LyondellBasell – Hard To Fault


First half oil prices were almost half the levels seen in 1H 2014, yet LYB has managed to produce 17% more net income than in the prior year. EPS growth is greater because of the significant share buyback, which looks set to continue given high free cash flows and high cash on the balance sheet. The company produced good results in the US and better than expected results in Europe given operating limitations in Q2.

LYB could make close to $11 of EPS in 2015, and with the stock trading at 8.2x that number, it is hard to resist. The stock has underperformed recently because of sentiment around oil, as it did in September and October of last year. Despite the collapse in oil last year, LYB is putting up better numbers and EPS is further enhanced by the buy-back. Furthermore, the company has again increased its dividend and now has a yield of 3.5%. LYB’s ability to buy back 10% of its shares a year offsets the risk of possible lower oil prices and lower near-term US and European ethylene margins in our view and the TSR that LYB could generate looks much more interesting than for others in the space.
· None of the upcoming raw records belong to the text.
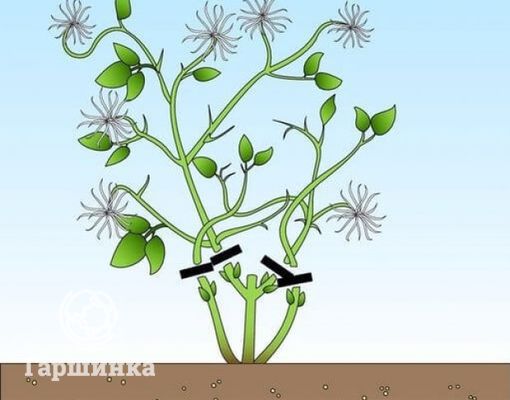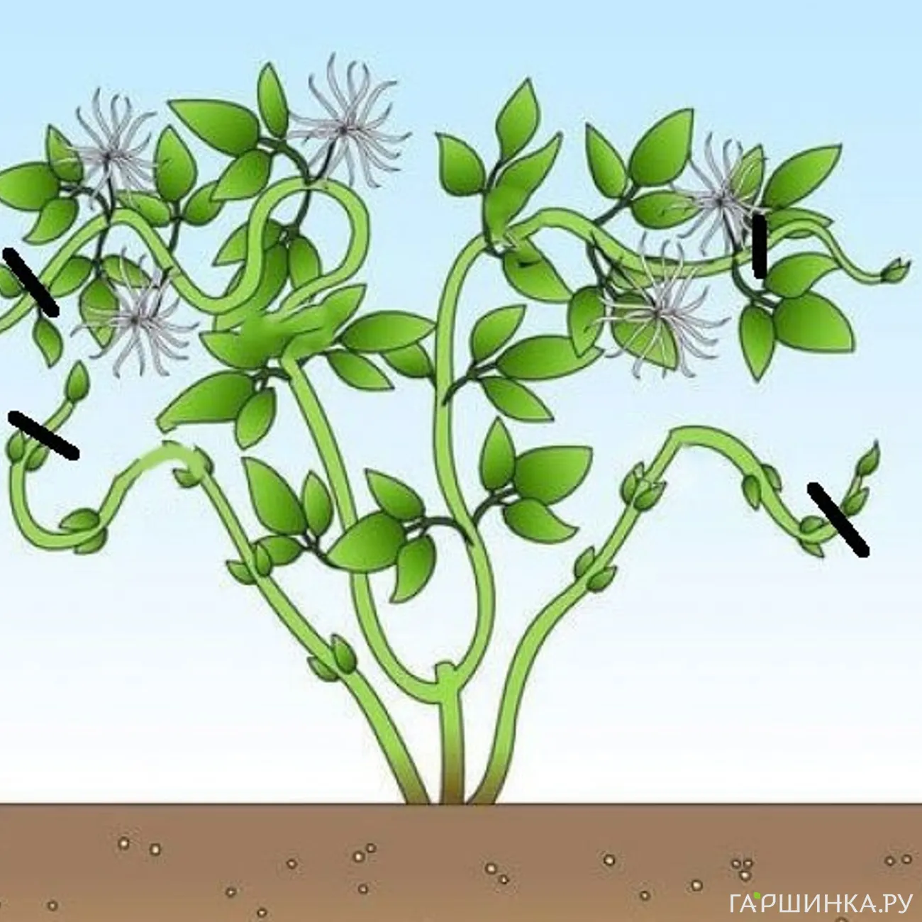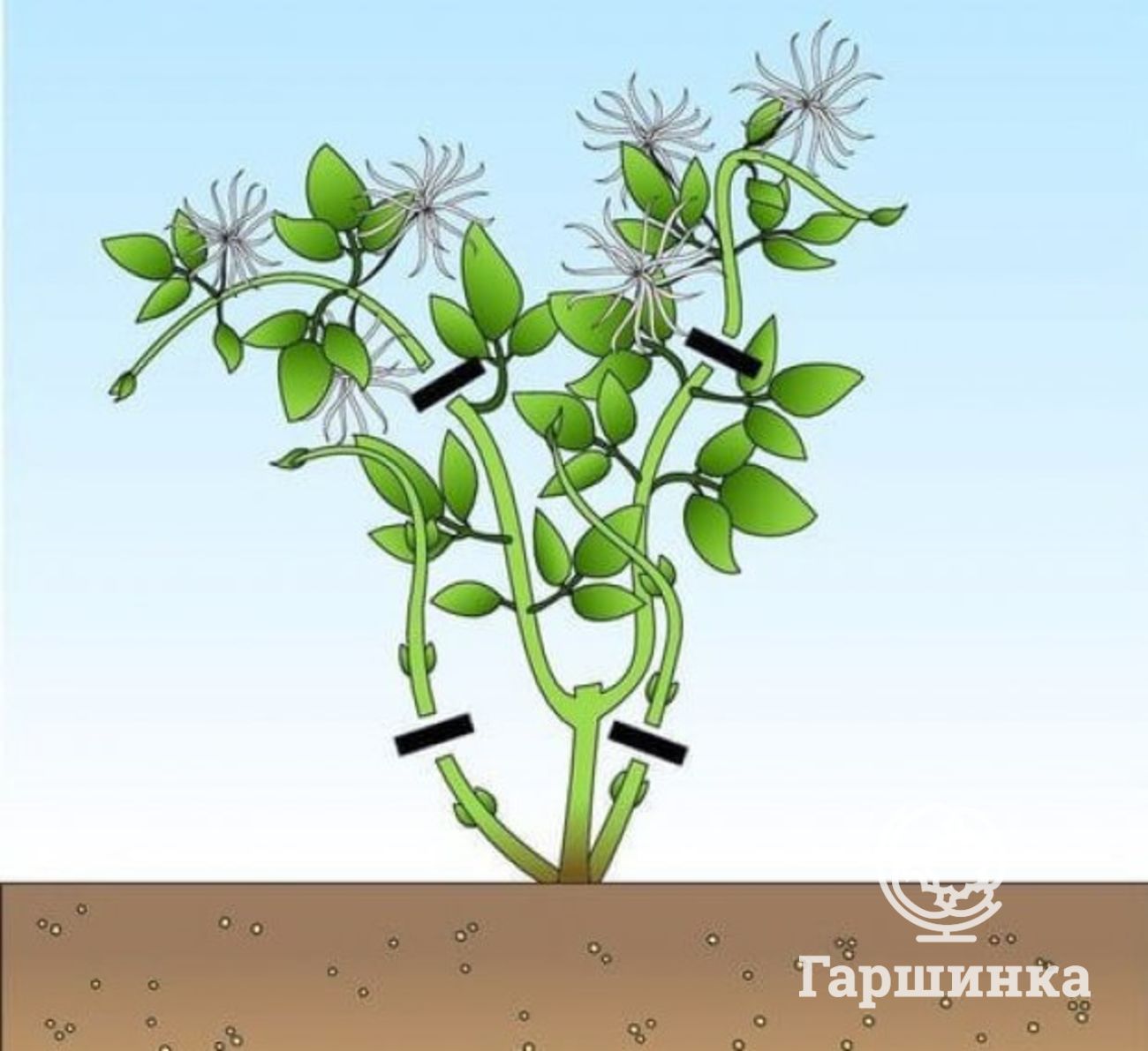 - Например, клематисы первой группы обрезки цветут на побегах прошлого года, соответственно, если мы обрежем их слишком сильно, в будущем сезоне они цвести не будут. Осенью у таких клематисы мы подрезаем только верхушки побегов.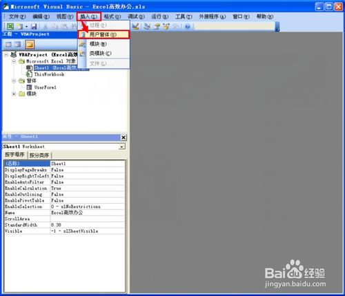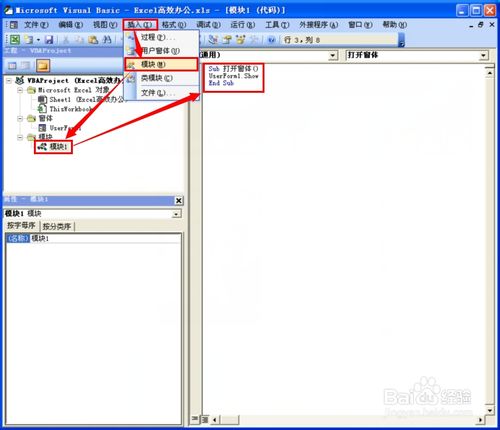 插入模块,该模块的作用是调出录入窗体(虽然窗体本身已经实现自动加载,但是不能实现二次自动加载),在Visual Basic 编辑器菜单栏里选择“插入”——“模块”,写入代码: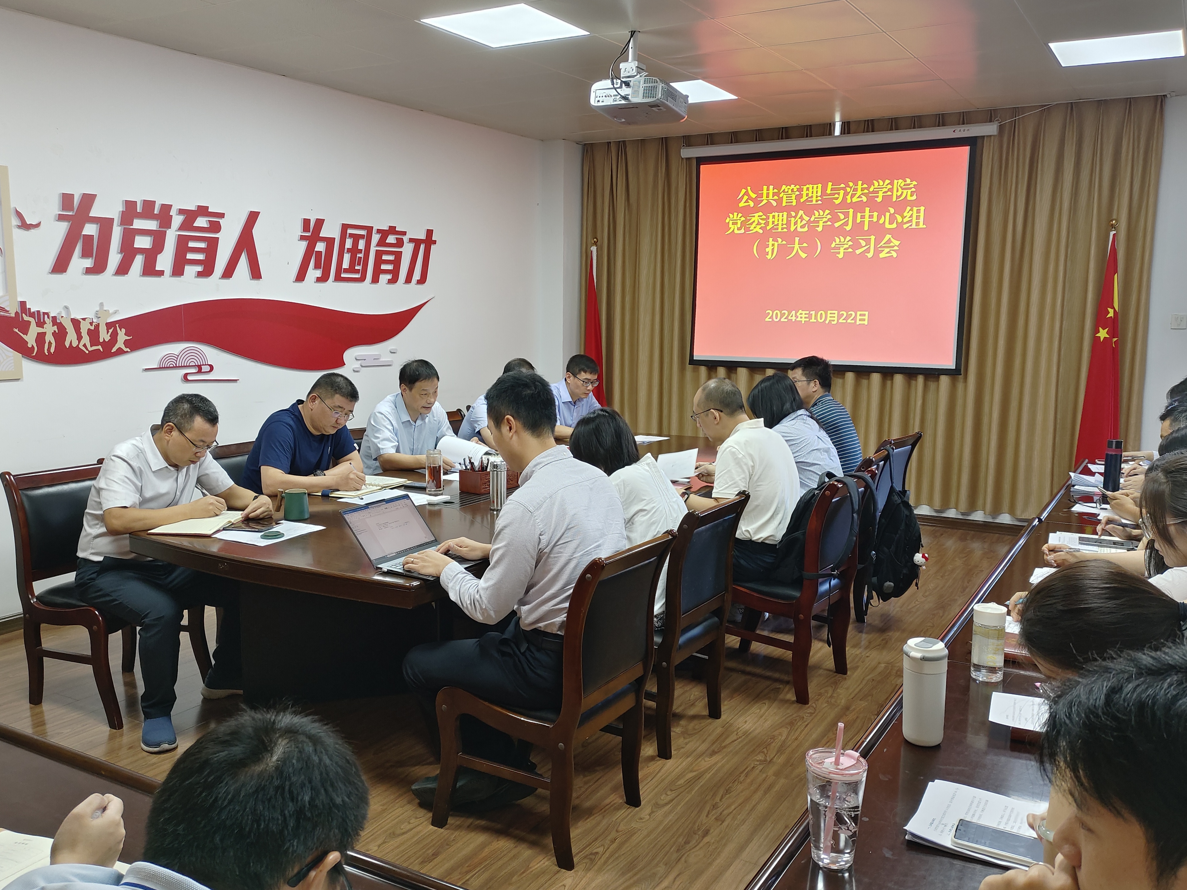 10月22日上午,公共管理与法学院党委召开理论学习中心组(扩大)学习会,深入学习贯彻习近平总书记在福建考察时的重要讲话精神。会议由学院党委书记曾起郁主持,学院党委理论学习中心组成员,党支部书记参加会议。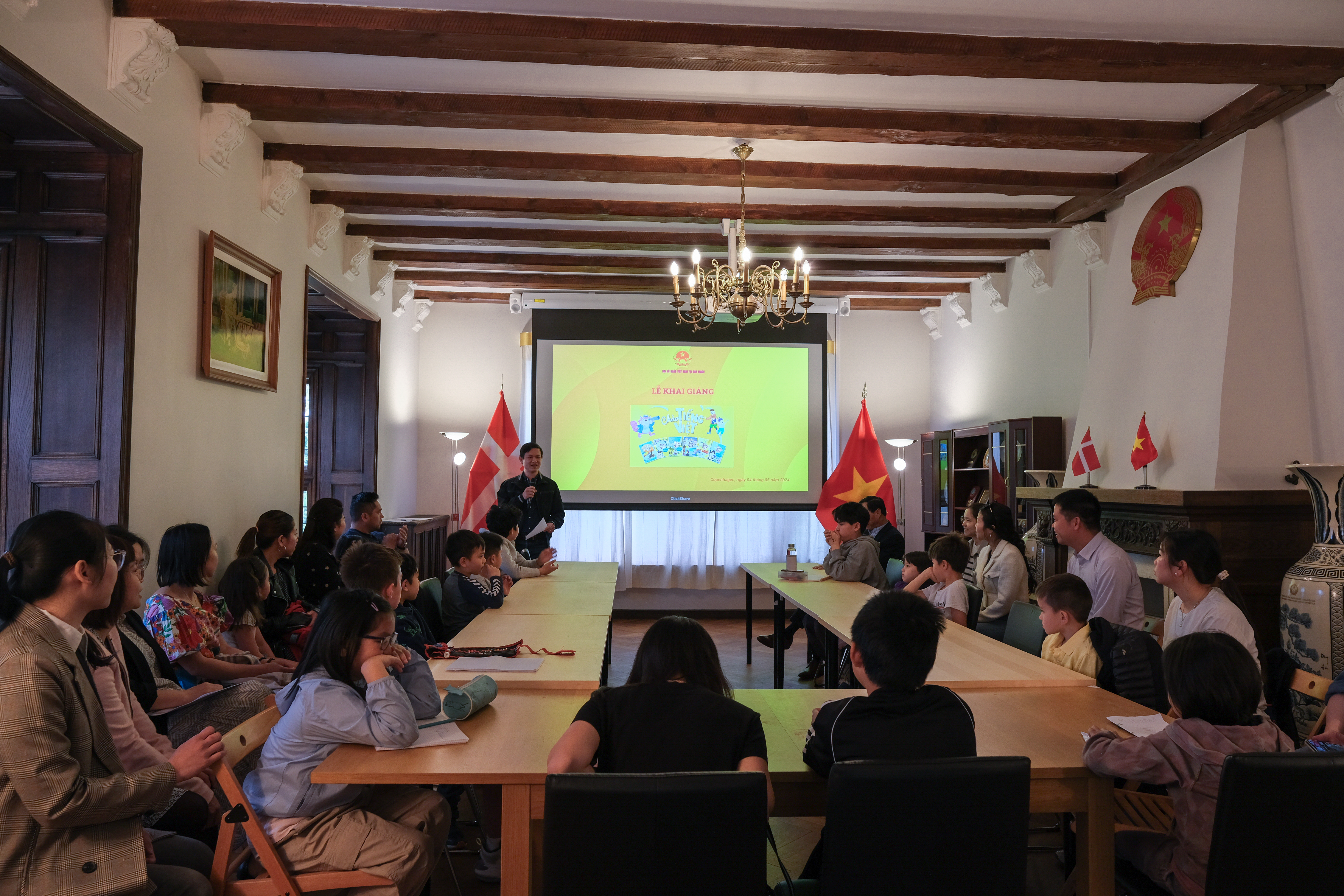 Ngày 04/05/2024, tại trụ sở Đại sứ quán Việt Nam tại Đan Mạch diễn ra lễ khai giảng lớp học tiếng Việt dành cho con em cộng đồng người Việt Nam tại Thủ đô Copenhagen.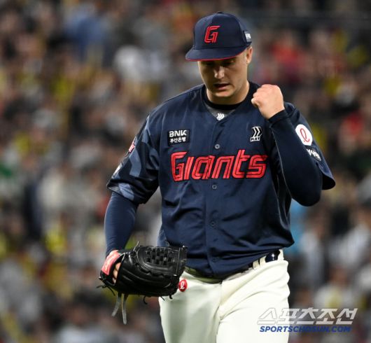13일 광주KIA챔피언스필드에서 열린 롯데와 KIA의 경기, 4회말 1사 1,3루 롯데 데이비슨이 KIA 정해원을 병살로 처리하며 이닝을 끝낸 후 기뻐하고 있다. 광주=허상욱 기자wook@sportschosun.com/2025.05.13/ |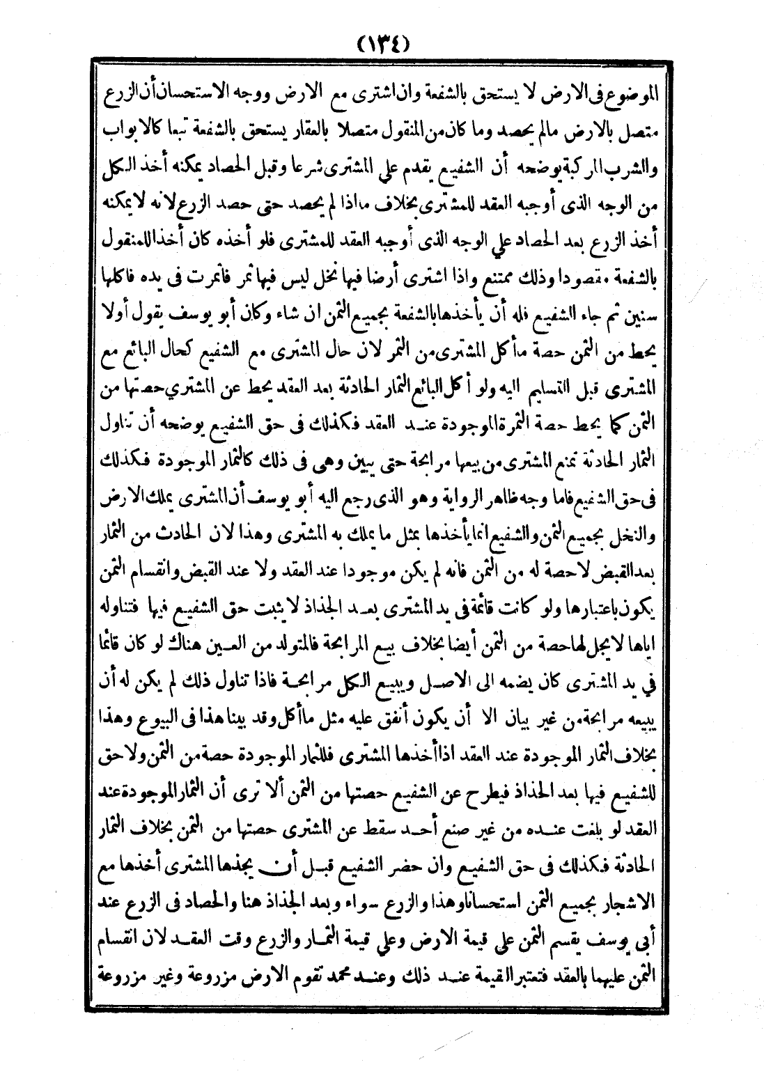 وَإِذَا اشْتَرَى أَرْضًا فِيهَا نَخْلٌ لَيْسَ فِيهَا ثَمَرٌ فَأَثْمَرَتْ فِي يَدِهِ فَأَكَلَهَا سِنِينَ، ثُمَّ جَاءَ الشَّفِيعُ أَنْ يَأْخُذَهَا بِالشُّفْعَةِ بِجَمِيعِ الثَّمَنِ إنْ شَاءَ وَكَانَ أَبُو يُوسُفَ يَقُولُ: أَوَّلًا يَحُطُّ مِنْ الثَّمَنِ حِصَّةَ مَا أَكَلَ الْمُشْتَرِي مِنْ الثَّمَرِ؛ لِأَنَّ حَالَ الْمُشْتَرِي مَعَ الشَّفِيعِ كَحَالِ الْبَائِعِ مَعَ الْمُشْتَرِي قَبْلَ التَّسْلِيمِ إلَيْهِ، وَلَوْ أَكَلَ الْبَائِعُ الثِّمَارَ الْحَادِثَةَ بَعْدَ الْعَقْدِ يَحُطُّ عَنْ الْمُشْتَرِي حِصَّتَهَا مِنْ الثَّمَنِ كَمَا يَحُطُّ حِصَّةَ الثَّمَرَةِ الْمَوْجُودَةِ عِنْدَ الْعَقْدِ فَكَذَلِكَ فِي حَقِّ الشَّفِيعِ يُوَضِّحُهُ أَنَّ تَنَاوُلَ الثِّمَارِ الْحَادِثَةِ تَمْنَعُ الْمُشْتَرِيَ مِنْ بَيْعِهَا مُرَابَحَةً حَتَّى يُبَيِّنَ، وَهِيَ فِي ذَلِكَ، كَالثِّمَارِ الْمَوْجُودَةِ فَكَذَلِكَ فِي حَقِّ الشَّفِيعِ، فَأَمَّا وَجْهُ ظَاهِرِ الرِّوَايَةِ، وَهُوَ الَّذِي رَجَعَ إلَيْهِ أَبُو يُوسُفَ أَنَّ الْمُشْتَرِيَ يَمْلِكُ الْأَرْضَ، وَالنَّخْلَ بِجَمِيعِ الثَّمَنِ، وَالشَّفِيعُ إنَّمَا يَأْخُذُهَا بِمِثْلِ مَا يَمْلِكُ بِهِ الْمُشْتَرِي، وَهَذَا؛ لِأَنَّ الْحَادِثَ مِنْ الثِّمَارِ بَعْدَ الْقَبْضِ لَا حِصَّةَ لَهُ مِنْ الثَّمَنِ، فَإِنَّهُ لَمْ يَكُنْ مَوْجُودًا عِنْدَ الْعَقْدِ، وَلَا عِنْدَ الْقَبْضِ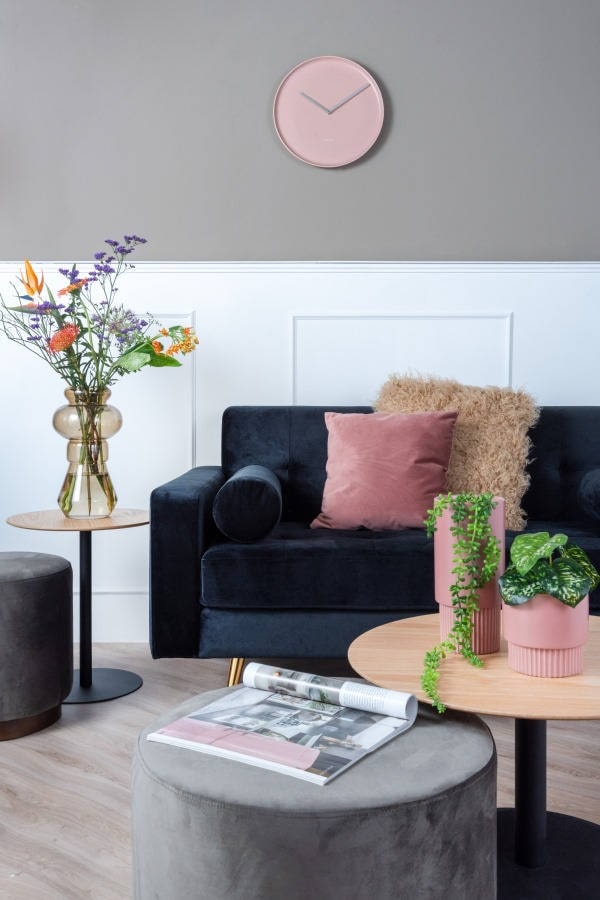• Klok KA5786PI is een wandklok in een matte roze porseleinen uitvoering met mat zilverkleurige metalen wijzers.

LYB’s return on capital has held up while WLK’s has fallen over the last two years (see chart) – WLK, LYB and DOW are exposed to the olefin and polyolefin markets – one of the few commodity subsectors where China does not have a surplus and where Chinese exports are not damaging global pricing. The difference for both DOW and WLK is that they are exposed to other markets where China is a problems – chlor-alkali and PVC for WLK and chlor-alkali and epoxies for DOW (though DOW is divesting these businesses in 2015 to OLN).

Nervousness around oil has brought LYB back down to a price that looks very attractive given earnings and cash flows. There is clearly a risk that if oil weakens further you end up fighting a more general negative sentiment, but in our view the stock offers good value here.

The secondary risk would be that the strategy changes – the share buyback stops and LYB embarks on an acquisition spree. This is unlikely, but would be very unpopular with shareholders most of whom own the stock for the return of cash to shareholders.

Note that consensus estimates going forward do not appear to account properly for the potential share buyback, suggesting that while forward estimates might be vulnerable to lower crude prices relative to natural gas, they have upside from a lower share count.

All of the ethylene names look a bit more interesting here – WLK could increase its dividend and buy back stock, given cash flows and we think the same is possible at DOW – see recent blog. LYB is probably the cleanest story today, notwithstanding the change of strategy risk highlighted above.